So… It Turns Out Russia’s Been Practicing Dropping Nuclear Bombs On Europe

I don’t necessarily know all of the geostrategic implications of performing a test run for a nuclear bomb drop, but I will say this: I don’t think practicing test dropping a nuclear bomb on a country is a great way to show that you don’t want or, say, aren’t intending to drop a nuclear bomb on them.

Like we would never practice dropping a nuclear bomb on England.

But we are not the Russian bear. And nobody knows what they are thinking right now.

NATO revealed yesterday that Russia flew a practice nuclear sortie over Sweden in 2013, saying that Russian military drills are at a level greater than anything since the Cold War. From The Daily Mail:

Jens Stoltenberg, the secretary general of NATO, wrote in his annual report for 2015: ‘Over the past three years, Russia has conducted at least 18 large-scale snap exercises, some of which have involved more than 100,000 troops.

‘These exercises include simulated nuclear attacks on NATO Allies (eg, ZAPAD a large-scale Russian military exercise]) and on partners [e.g, March 2013 simulated attacks on Sweden],’ he added.

During the military exercise in Sweden, on March 29 2013, two Tupolev Tu-22M3 strategic bombers escorted by four Sukhoi Su-27 jet fighters came within 24 miles of Swedish territory off the island of Gotland, 100 miles from Stockholm.
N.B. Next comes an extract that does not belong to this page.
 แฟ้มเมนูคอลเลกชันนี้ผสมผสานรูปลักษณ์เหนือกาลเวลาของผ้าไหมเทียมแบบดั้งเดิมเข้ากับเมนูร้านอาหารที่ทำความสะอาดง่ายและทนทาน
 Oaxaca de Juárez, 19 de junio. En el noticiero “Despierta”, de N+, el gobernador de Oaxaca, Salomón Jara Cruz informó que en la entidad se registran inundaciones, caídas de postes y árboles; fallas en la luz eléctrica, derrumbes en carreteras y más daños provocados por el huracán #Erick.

They conducted dummy bombing runs against targets thought to include a military base in southern Sweden and the headquarters of the country’s signals intelligence agency outside Stockholm.
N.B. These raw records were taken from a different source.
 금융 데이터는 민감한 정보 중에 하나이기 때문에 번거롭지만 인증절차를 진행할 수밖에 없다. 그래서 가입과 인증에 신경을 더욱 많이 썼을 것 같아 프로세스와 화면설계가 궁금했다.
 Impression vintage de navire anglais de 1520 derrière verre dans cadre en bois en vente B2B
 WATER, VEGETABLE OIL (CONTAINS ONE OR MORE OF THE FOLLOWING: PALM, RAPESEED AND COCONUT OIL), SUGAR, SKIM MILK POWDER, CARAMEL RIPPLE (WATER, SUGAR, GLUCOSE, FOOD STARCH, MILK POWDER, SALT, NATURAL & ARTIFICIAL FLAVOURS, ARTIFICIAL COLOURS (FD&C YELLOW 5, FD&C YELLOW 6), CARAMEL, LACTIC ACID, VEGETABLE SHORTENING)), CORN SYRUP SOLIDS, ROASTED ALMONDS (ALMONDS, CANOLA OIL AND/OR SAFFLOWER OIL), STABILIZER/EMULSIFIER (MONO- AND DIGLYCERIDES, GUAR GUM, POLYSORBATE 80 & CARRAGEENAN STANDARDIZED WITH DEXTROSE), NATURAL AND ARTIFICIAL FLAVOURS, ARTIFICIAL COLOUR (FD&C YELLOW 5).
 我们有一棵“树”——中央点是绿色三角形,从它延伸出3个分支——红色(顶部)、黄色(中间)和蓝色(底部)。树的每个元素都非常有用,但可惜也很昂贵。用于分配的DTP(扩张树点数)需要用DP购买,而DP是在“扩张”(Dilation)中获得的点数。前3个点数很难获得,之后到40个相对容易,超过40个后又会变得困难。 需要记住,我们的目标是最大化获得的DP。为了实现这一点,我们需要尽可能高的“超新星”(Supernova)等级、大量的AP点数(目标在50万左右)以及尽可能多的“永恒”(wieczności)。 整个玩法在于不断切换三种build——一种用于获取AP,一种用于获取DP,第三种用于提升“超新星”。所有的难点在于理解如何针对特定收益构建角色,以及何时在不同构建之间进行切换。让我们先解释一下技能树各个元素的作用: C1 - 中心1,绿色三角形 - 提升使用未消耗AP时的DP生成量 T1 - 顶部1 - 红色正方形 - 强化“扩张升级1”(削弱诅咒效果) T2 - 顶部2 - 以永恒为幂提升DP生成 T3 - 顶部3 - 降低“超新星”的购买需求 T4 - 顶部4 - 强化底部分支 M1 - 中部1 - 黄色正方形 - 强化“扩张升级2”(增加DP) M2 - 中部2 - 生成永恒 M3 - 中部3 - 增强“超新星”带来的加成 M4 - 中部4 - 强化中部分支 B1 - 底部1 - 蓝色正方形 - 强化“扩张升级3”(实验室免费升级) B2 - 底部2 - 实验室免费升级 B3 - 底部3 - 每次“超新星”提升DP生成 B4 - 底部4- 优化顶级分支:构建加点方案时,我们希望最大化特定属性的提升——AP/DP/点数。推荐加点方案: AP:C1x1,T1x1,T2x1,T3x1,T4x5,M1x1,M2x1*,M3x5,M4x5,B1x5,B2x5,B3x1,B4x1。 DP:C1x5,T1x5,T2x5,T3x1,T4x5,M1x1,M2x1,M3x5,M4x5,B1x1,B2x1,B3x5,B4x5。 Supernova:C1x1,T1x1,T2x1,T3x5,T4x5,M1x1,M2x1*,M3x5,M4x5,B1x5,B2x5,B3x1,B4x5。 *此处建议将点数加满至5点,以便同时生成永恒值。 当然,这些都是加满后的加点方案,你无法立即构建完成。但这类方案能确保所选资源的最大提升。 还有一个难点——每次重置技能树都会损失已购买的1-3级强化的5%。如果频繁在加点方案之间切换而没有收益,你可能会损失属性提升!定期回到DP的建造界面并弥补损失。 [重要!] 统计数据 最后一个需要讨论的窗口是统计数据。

Like I’m trying to say, that just doesn’t seem like the actions of someone who doesn’t want to nuke everyone.

This comes on the heels of a report yesterday from a think tank that found if Russia wanted to, it could own half of Europe faster than Hitler did in 1939.

That wasn’t hyperbole.

A US military think-thank concluded it would take a resurgent Russia between 36 and 60 hours to push its 27 heavily-armored battalions past NATO’s lightweight 12 to occupy the Baltic States.
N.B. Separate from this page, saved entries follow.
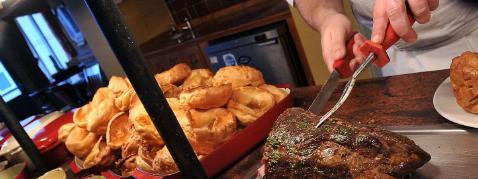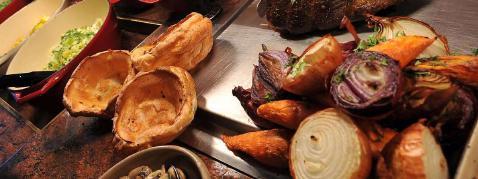 withYorkshirepudding,mash potato,vegetablesand gravy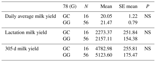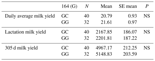 Table 9Mean and standard error values for the polymorphic region at position 164 in the 10 exon of the DDR1 gene in terms of yield traits of Simmental cattle.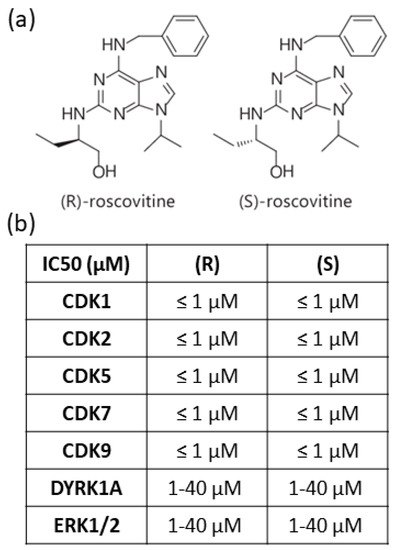 Roscovitine identification, one of the most popular inhibitors of CDKs, was born from the collaboration of Laurent Meijer’s group of the Biological Station in Roscoff and Jaroslav Vesely and Miroslav Strnad’s group at the Institute of Experimental Botany in Olomouc [54,55]. Roscovitine is a member of the family of 2,6,9-trisubstituted purines, as olomoucine and purvalanol. This family acts by direct competition with adenosine triphosphate (ATP) for binding to the catalytic cleft on CDK [54]. Roscovitine exists as two stereoisomers, (R)-roscovitine and (S)-roscovitine; however, the (R)-stereoisomer is the most frequently studied and used (Figure 1a). Roscovitine selectivity was tested on a wide panel of purified kinase. (R)-roscovitine half-maximal inhibitory concentration (IC50) values were below 1 μM for CDK1, CDK2, CDK5, CDK7, and CDK9 and IC50 values were in the 1–40 μM range for few other kinases including DYRK1A and extracellular signal-regulated kinases ERK1 and ERK2 (Figure 1b).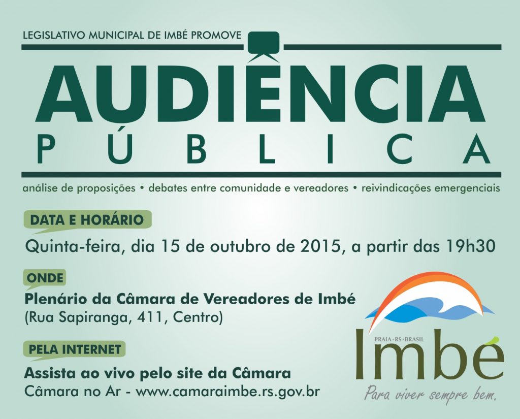 Objetivando a adoção de medidas de economia tendo em vista a abordagem feita pelos veículos de imprensa quanto aos gastos da Câmara de Vereadores de Imbé, o Legislativo Municipal promoverá uma audiência pública aberta à comunidade para apresentação de ideias que resultem em proposições de interesse popular.

Most likely, the study found, Russia would start by launching a two-pronged attack across the Latvian border, sending heavily-armed battalions in from the north and the south.

These battalions would push past the light-weight Latvian and NATO battalions before uniting to take the capital of Riga.

Once secured, the remaining part of Russia’s 27 maneuver battalions would cross the Narva reservoir into Estonia to take the ethnic Russian north-east before heading to Tallinn, the capital.

Piece of cake. Except, of course, that would trigger Article 5 of NATO.

No wonder a Swedish general was talking this weekend about World War 3.